▶ _Directions for this task_
All of the entries must be reproduced exactly, with no images carried over.
..........
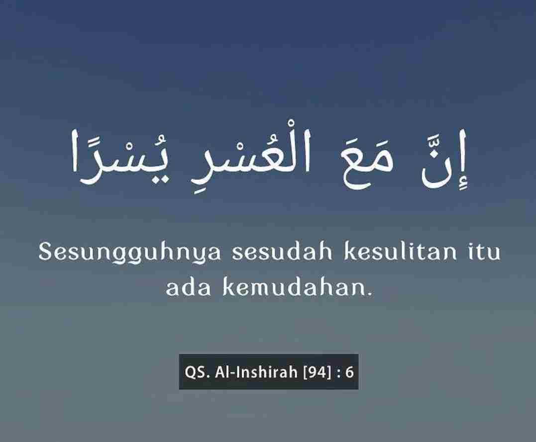 Sungguh kalimat tersebut meringankan beban untuk menahan kesulitan serta mengurangi bahkan bisa menghilangkan potensi putus asa. Kalimat tersebut adalah bagian dari ayat Al-Qur’an, yaitu Surat Al-Insyirah ayat 5-6:
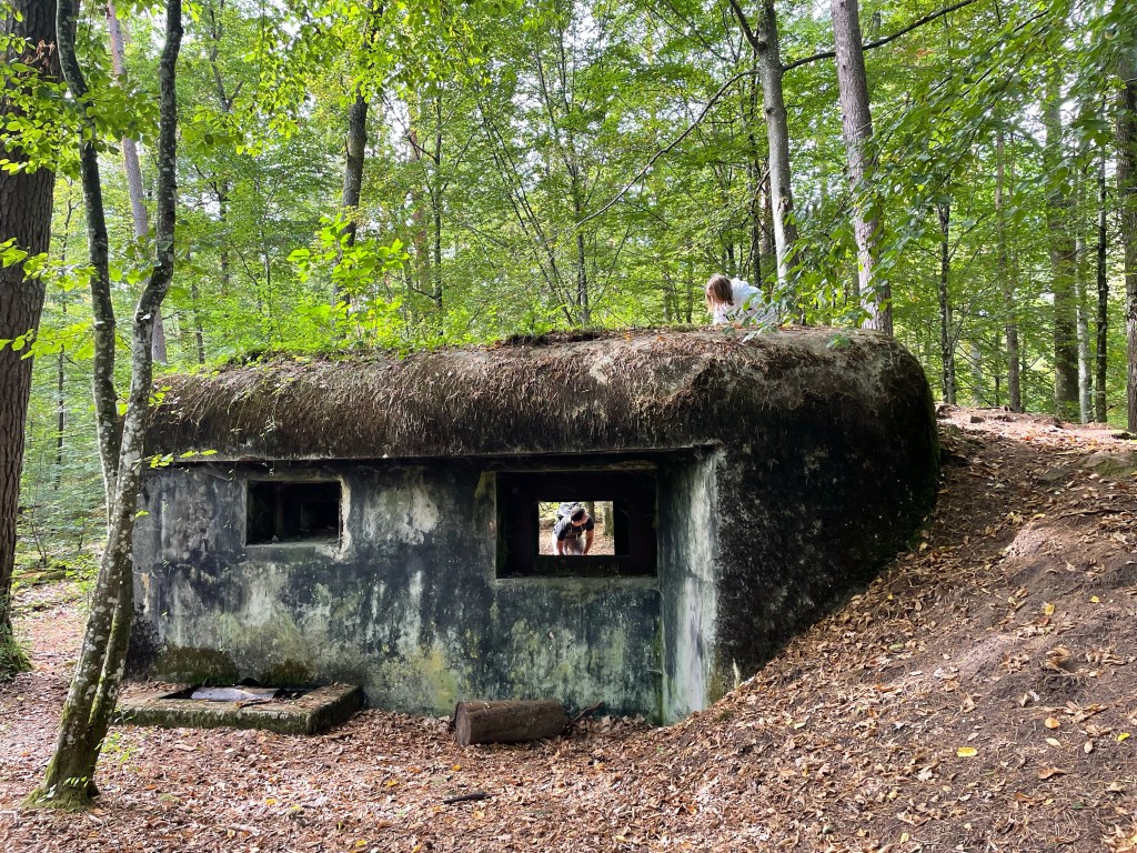 Also on this hike, and probably Josh’s favorite site, were two bunkers from the Maginot Line (defense lines the French built before WWII but which proved ineffective against German war tactics). One was basically buried, but the other was accessible to enter (annnnnd climb on top of, as Mason and Caleb did).
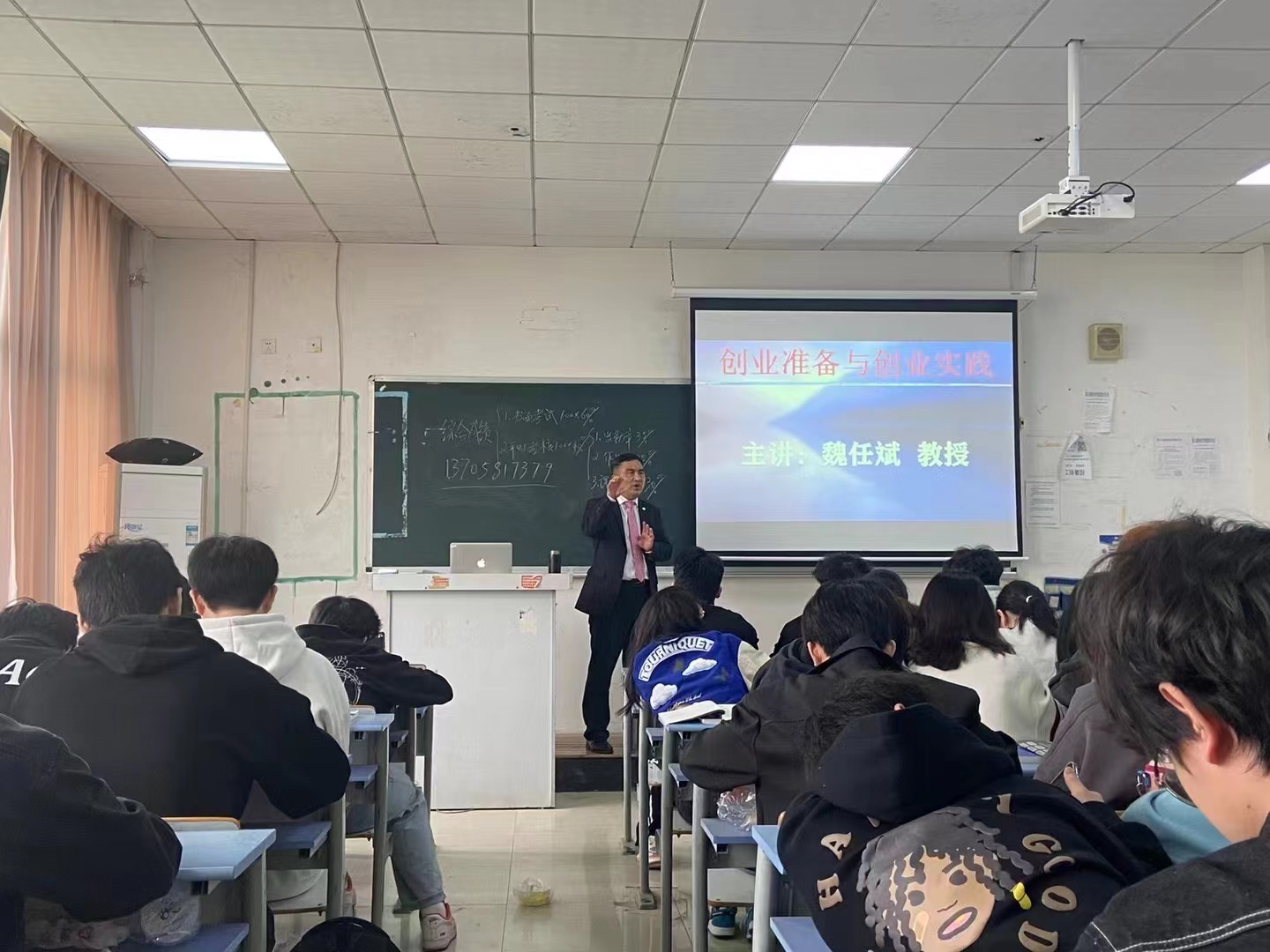 上图;魏任斌教授在辅导创业弟子创业与学习
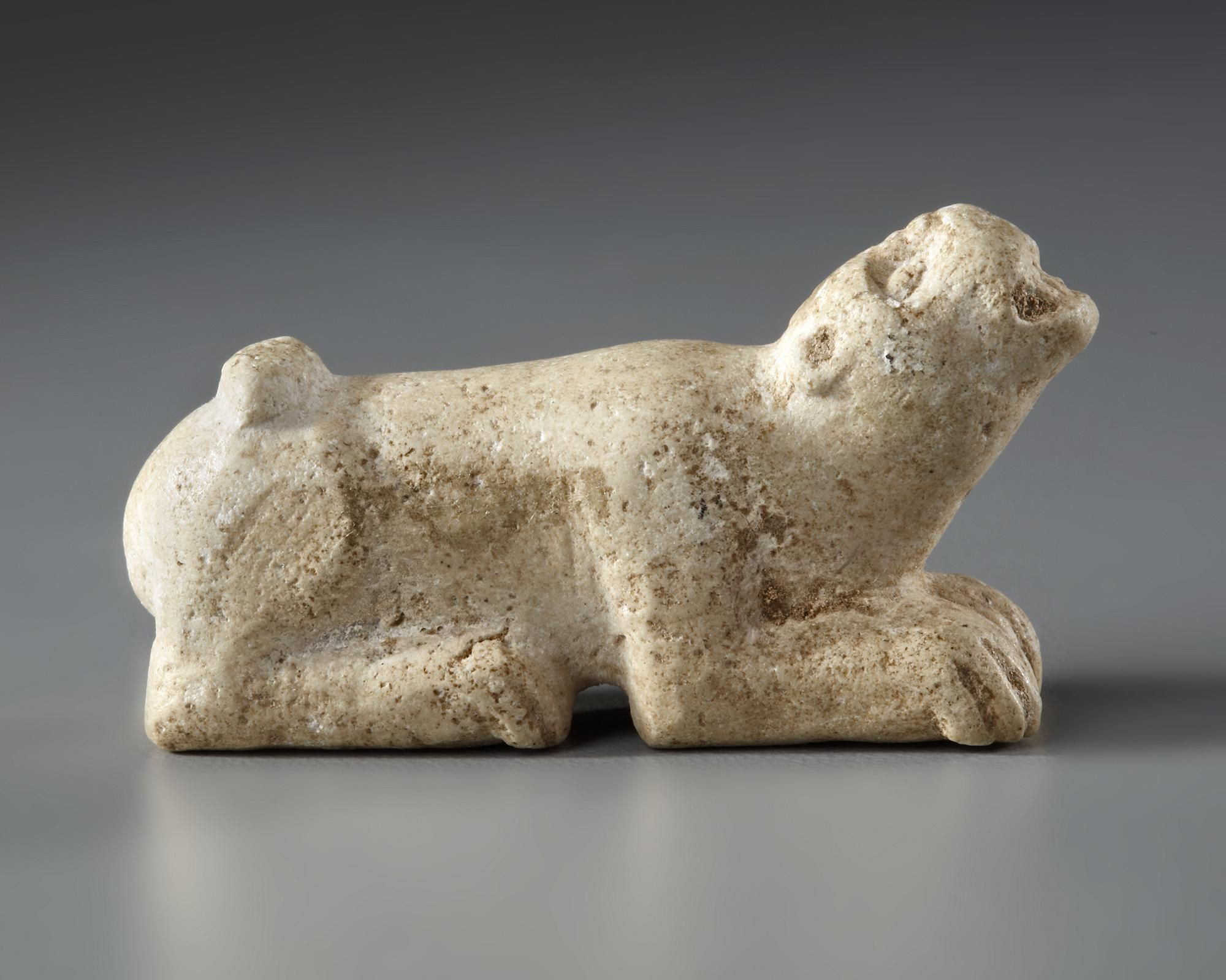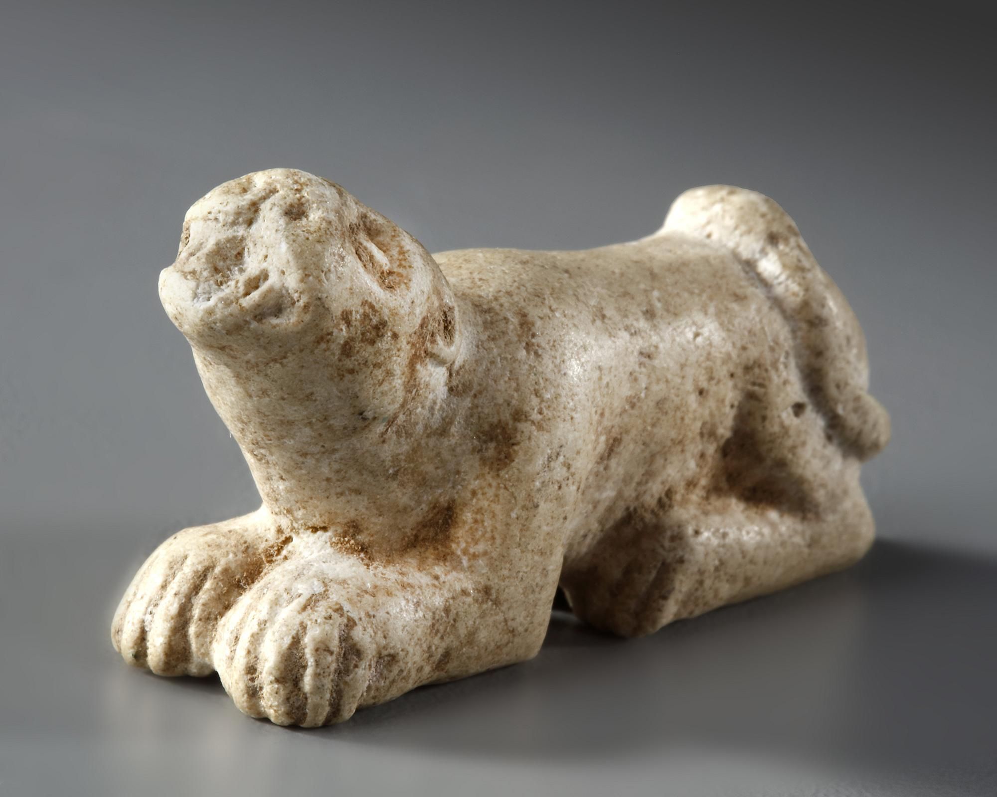 An Elamite amulet made from limestone in the form of a reclining mythical lion, with head facing upwards open mouth.
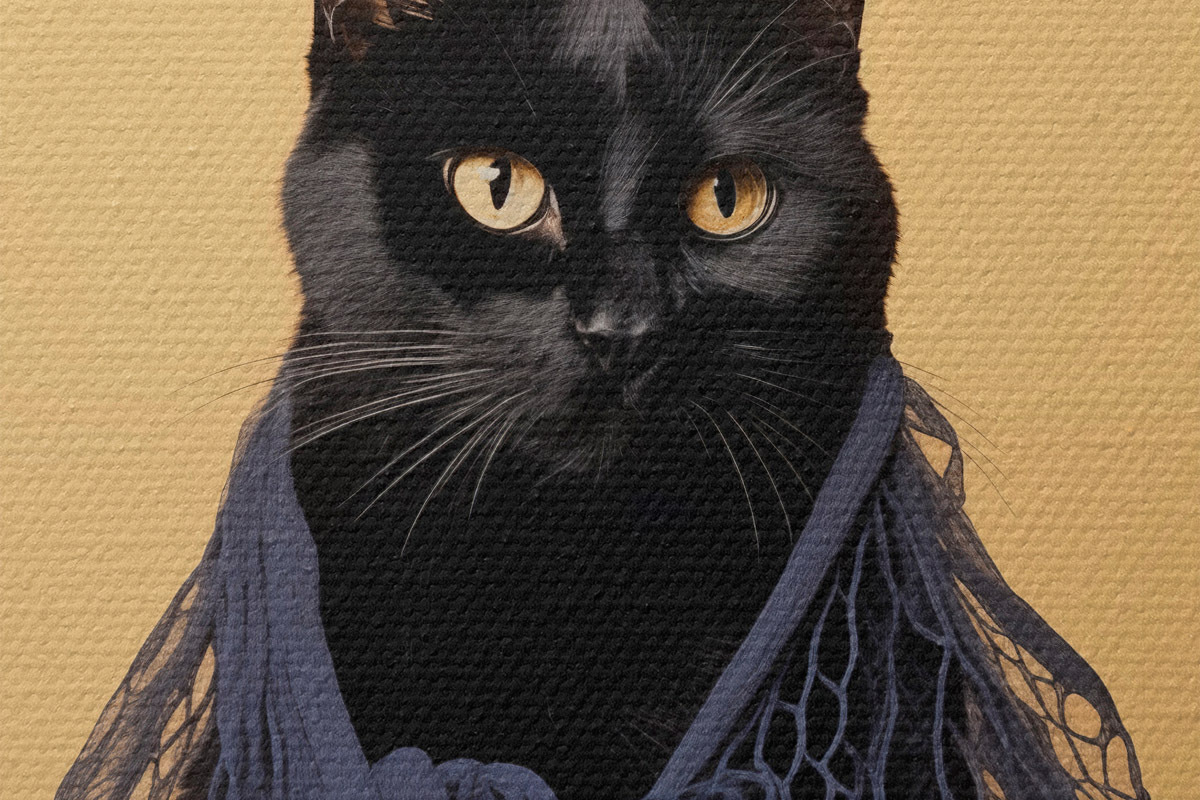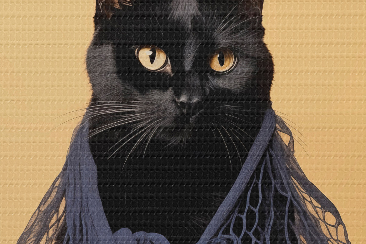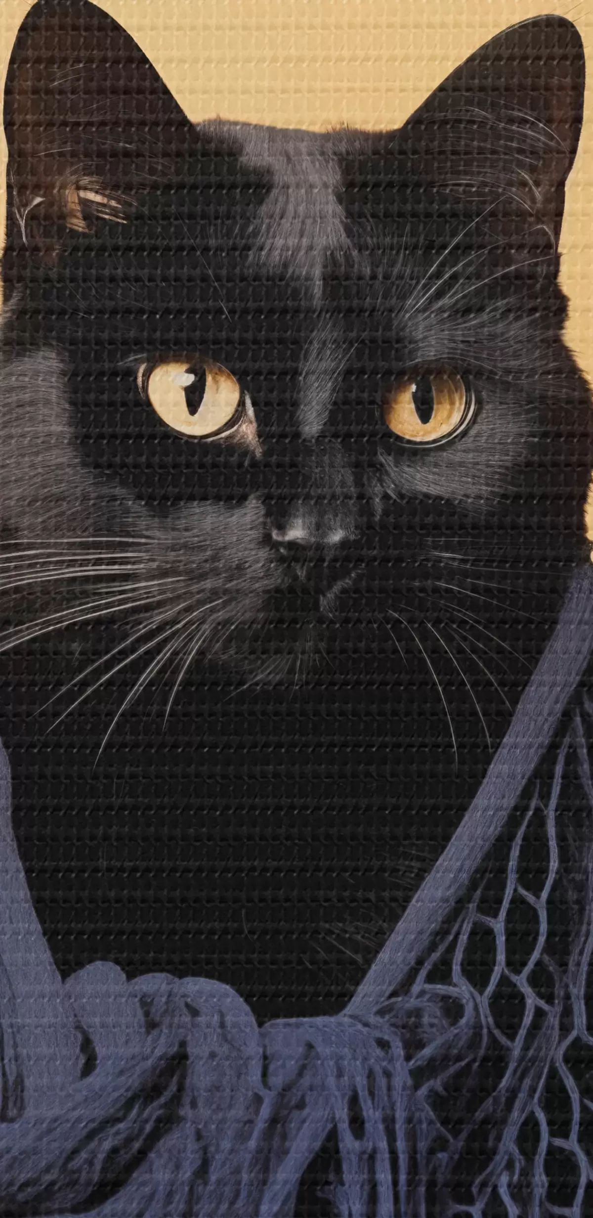 Кругла картина Чорний кіт у сітці r43959
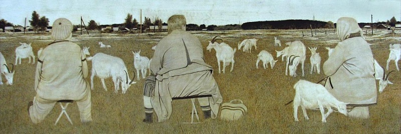 В экспозиции представлены работы, посвященные изображению быта людей, их повседневной жизни, природе.
..........
▶ _Worked solution_
 Sungguh kalimat tersebut meringankan beban untuk menahan kesulitan serta mengurangi bahkan bisa menghilangkan potensi putus asa. Kalimat tersebut adalah bagian dari ayat Al-Qur’an, yaitu Surat Al-Insyirah ayat 5-6:
 Also on this hike, and probably Josh’s favorite site, were two bunkers from the Maginot Line (defense lines the French built before WWII but which proved ineffective against German war tactics). One was basically buried, but the other was accessible to enter (annnnnd climb on top of, as Mason and Caleb did).
 上图;魏任斌教授在辅导创业弟子创业与学习
 An Elamite amulet made from limestone in the form of a reclining mythical lion, with head facing upwards open mouth.
 Кругла картина Чорний кіт у сітці r43959
 В экспозиции представлены работы, посвященные изображению быта людей, их повседневной жизни, природе.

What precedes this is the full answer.